Now consider the default output of write.table().

library(datasets)
write.table(mtcars, file = 'test.csv', sep=',')

When you open the table up in Excel, this is what you see:

mpg cyl disp hp gear carb  
Mazda RX4 21 6 160 1 4 4
Mazda RX4 Wag 21 6 160 1 4 4
Datsun 710 22.8 4 108 1 4 1

Notice that all the column names are left-shifted relative to the data. This is because the underlying csv representation of this data is:

mpg,cyl,disp,am,gear,carb,
Mazda RX4,21,6,160,1,4,4
Mazda RX4 Wag,21,6,160,1,4,4
Datsun 710,22.8,4,108,1,4,1

In fact, when you read back into memory, read.table() will fail to recognize that the names are left-shifted, and this will easily break your code.
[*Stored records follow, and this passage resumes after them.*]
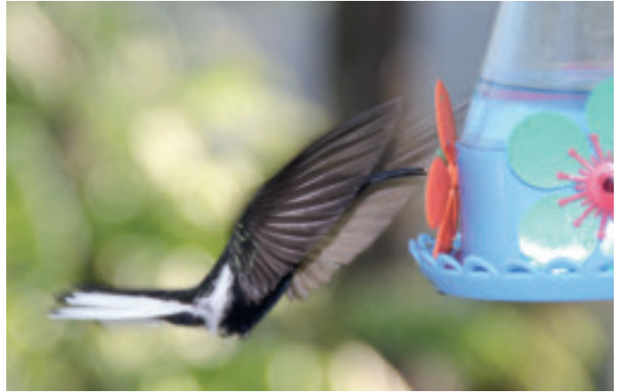
Flera arter av kolibrier var extremt lätta att studera i detalj när de kom fram till nektarautomaterna. Här vid hotellet Ypê i Itatiaia nationalpark. Till vänster rubinstrupe Clytolaema rubricauda , som kunde se rätt intetsägande ut men som i rätt ljus visade sin glänsande strupe. Till höger svart jakobin Florisuga fusca , en av de allra sobraste kolibrierna
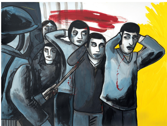
8 • Detenidos desaparecidos •
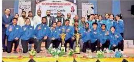
झुंझुनू, ताइक्वांडो प्रतियोगिता की चैम्पियन टीम के साथ अतिथि।

महिला वर्ग में एमडीयू रोहतक ने 2 गोल्ड समेत 8 मेडल जीतकर दूसरा स्थान पाया
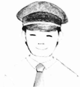
국적 : 한국 이름 : 유실물센터 직원
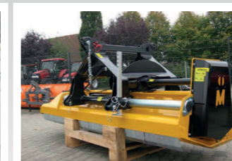
2275148 Müthing MU-M 280 Arbeitsbreite 2,80, Hydraulische Seitenverschiebung, Getriebe mit Freilauf und Durchtrieb für 1.000 U/min, Automatische Keilriemenspannung
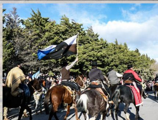
Jóvenes tehuelches en el desfile del 9 de Julio. Las Heras, 2012
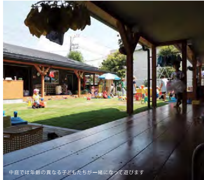
中庭では年齢の異なる子どもたちが一緒になって遊びます

0～5才児の子どもたちが自然に交流できるようにと、中庭をはさんで各年齢の教室が向かい合わせになるように設計された園舎。年上の子が何かに取り組んだり、助け合ったりする様子を年下の子が見て覚えたり、先生たちも担当クラス以外の子どもたちとの交流があることで、名前はもちろん、どんな子たちがいるのか把握でき、園全体で子どもたちを見守ることができるのです。ひとつの大きな屋根の下、大人も子どもも楽しそうに笑顔で過ごしている様子は、まるで大家族のようなあたたかさがありました。
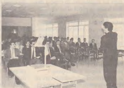
Cantina - acum și capelă
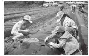
紀ノ川農協「親子農作業 連続体験ツアー (定植)」
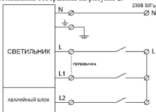
Рисунок 2 Схема подключения светильника

3.3 Схема подключения светильника отображена на рисунке 2.
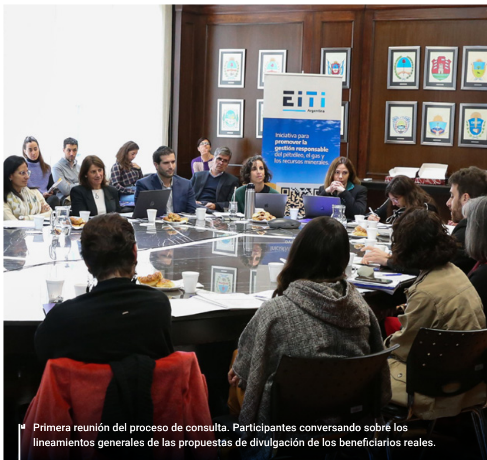
Primera reunión del proceso de consulta. Participantes conversando sobre los lineamientos generales de las propuestas de divulgación de los beneficiarios reales.

Finalizado el primer encuentro, se invitó a las personas interesadas a participar del proceso de presentación de comentarios sobre las propuestas formuladas tanto por la Secretaría de Minería como de la Secretaría de Energía. Ya que la divulgación de los datos sobre beneficiarios finales en el sector extractivo podía presentarse a partir de la modificación de normas emanadas de los propios organismos públicos involucrados, y en línea con las propuestas elaboradas en el estudio de alcance antes mencionado, se presentaron propuestas separadas, pero unificadas en un mismo documento, ya que su implementación dependería de cada Secretaría, cada una dentro del ámbito de sus propias competencias.
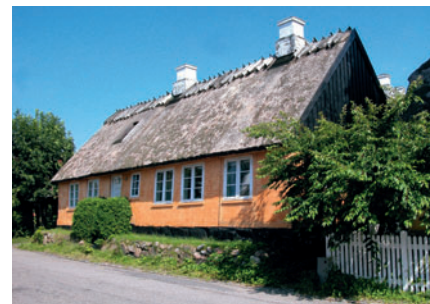
102 Gl. Lundtoftevej 38
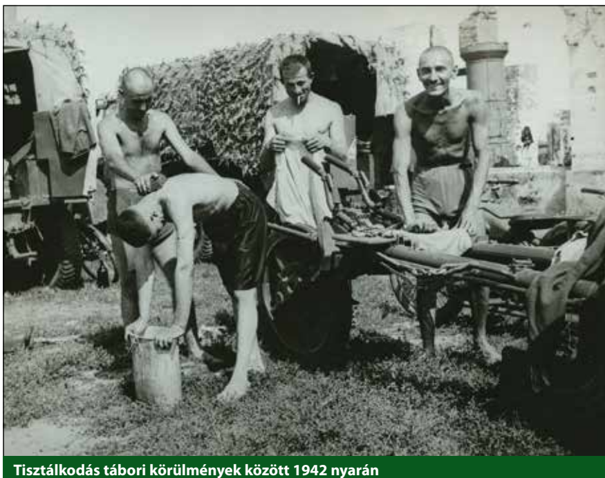
Tisztálkodás tábori körülmények között 1942 nyarán

Örökké visszatérő téma volt a legénységnek az elégtelen étellemezés is. A magyaros ételekhez szokott honvédek keserűen vették tu-
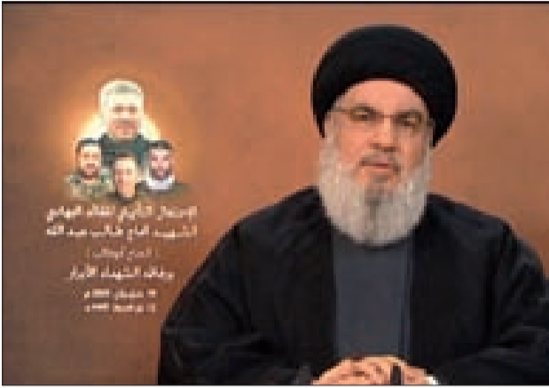
السيد نصرالله متحدًا في أسبوع الشهيد طالب عبدالله ورفاقه

وبقي 4 كتاب في رفح يعمل للقضاء عليها وهذا كذب يُظهر هشاشة العدو الذي يلهث لتقديم نصر وهمي لمستوطنيه»، موضحاً «أن جيش العدو خرج وقال إن المقاومة الفلسطينية استعدت عافيتها في كامل القطاع ما أطاح رواية نتنياهو». وأكد «أن هناك خسائر هائلة لحقت بكيان العدو بشرياً وإستراتيجياً ولن يستطیع إخفاء الأمر في نهاية المطاف فهناك 8636 معوقاً وفق إحصاءات رسمية، فكم عدد القتلى والجرحى؟».
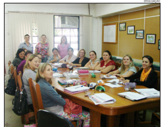
Encontro com as direções das escolas de educação infantil

Azaléia, que apresentou a dinâmica do "barco". Apresentou que em cada navio tem um capitão e um destino, e a escola é um grande barco, sendo importante continuar a remar com alegria, amor e coragem. Ainda teve a troca de experiências onde cada escola entregou seu calendário escolar com o planejamento das atividades de 2013. O próximo encontro ficou para dia 07 de maio.
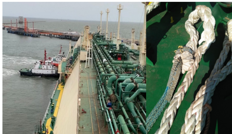
Gambar 7. Kondisi Tali Saat Kapal Saat Sandar Dan Persiapan
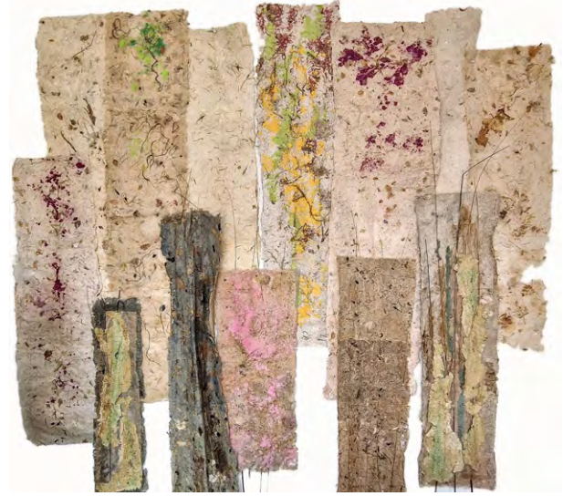
Textures màgiques , 2022. Instal·lació de papers artesanals realitzats amb plantes, vímet i polpes acolorides. 250 x 300 cm

Per a continuar aprofundint en el nostre discurs expositiu plantejarem ara un altre missatge: el de transmissors de pensaments i inquietuds de l'artista pel viatge de l'ésser humà a través del temps. Això em recorda la peça Dualitat (1999), una de les obres més suggeridores de la sala. En aquesta l'artista ha dissenyat una porta falsa que amaga diverses metàfores entorn del viatge. La primera és la necessitat de l'ésser humà d'eixir fora, per a conèixer el món i ampliar els seus coneixements. Reforçant aquest missatge, una maleta secundada contra la porta preparada per a una nova aventura. Però després existeix un altre viatge per al qual no necessitem equipatge. O almenys no material. És aqueix viatge cap a dins, la necessitat de l'autoconeixement. I per a aquest viatge interior els objectes simbòlics estan representats amb una cadira i un llum. La primera ens convida a asseure'ns i a
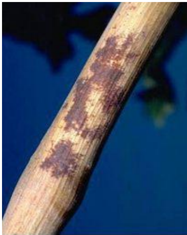
Κληματίδες με σκουρόχρωμες δικτυώσεις
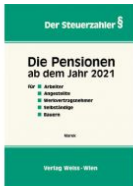
Die Pensionen ab dem Jahr 2021 Ladenpreis: 47,30 EUR

To get around this, you have to make sure you always export with row.names = FALSE. To be honest, I’m not sure why this isn’t already the default option.

What if you need to export the rownames too? To get around this, you can move the data from the rownames to a real column, then export with the row.names = FALSE option. This following function mirrors pandas’ reset_index:

reset_index <- function(df, index_name='index', drop=FALSE) {
    df <- cbind(index = rownames(df), df)
    rownames(df) <- 1:nrow(df)
    colnames(df)[colnames(df) == "index"] = index_name
    if (drop == TRUE) {
        df <- df[, items_in_a_not_b(colnames(df), 'index')]
    }
    return (df)
}

mtcars <- reset_index(mtcars, index_name='model')
write.table(mtcars, file = 'test.csv', row.names = FALSE, sep=',')

View(mtcars)

Nonstandard Evaluation

One of the things that bothered me a lot about R is that some functions, such as dplyr’s group_by() or ggplot’s aes(), accept and require unquoted strings. In most languages, unquoted strings are variables, and uninstantiated variables should result in this: Error: object 'x' not found. Yet in R, some functions require you to use unquoted strings. For example, consider the following example code from dplyr’s documentation:

library(dplyr)
library(ggplot2)
library(datasets)

mean_mpg_per_cyl <- mtcars %>%
  group_by(cyl) %>%
  summarize(mean_mpg = mean(mpg))

ggplot(mean_mpg_per_cyl, aes(x=cyl, y=mean_mpg)) +
  geom_bar(stat="identity")

In some contexts, this may seem acceptable, but the subtle problem with this code is that it is inflexible. Suppose you want to compare mpg across the groups cyl, gear, and carb and then save the resulting dataframes. Doing something like this will result in an error:

groups <- c('cyl', 'gear', 'carb')
for (group in groups) {
  df <- mtcars %>%
    group_by(group) %>%
    summarize(mean_mpg = mean(mpg))
  write.table(df, file = paste0(group, '.csv'), sep=',')
}

# Error in `group_by()`:
# ! Must group by variables found in `.data`.
# ✖ Column `group` is not found.
# Run `rlang::last_trace()` to see where the error occurred.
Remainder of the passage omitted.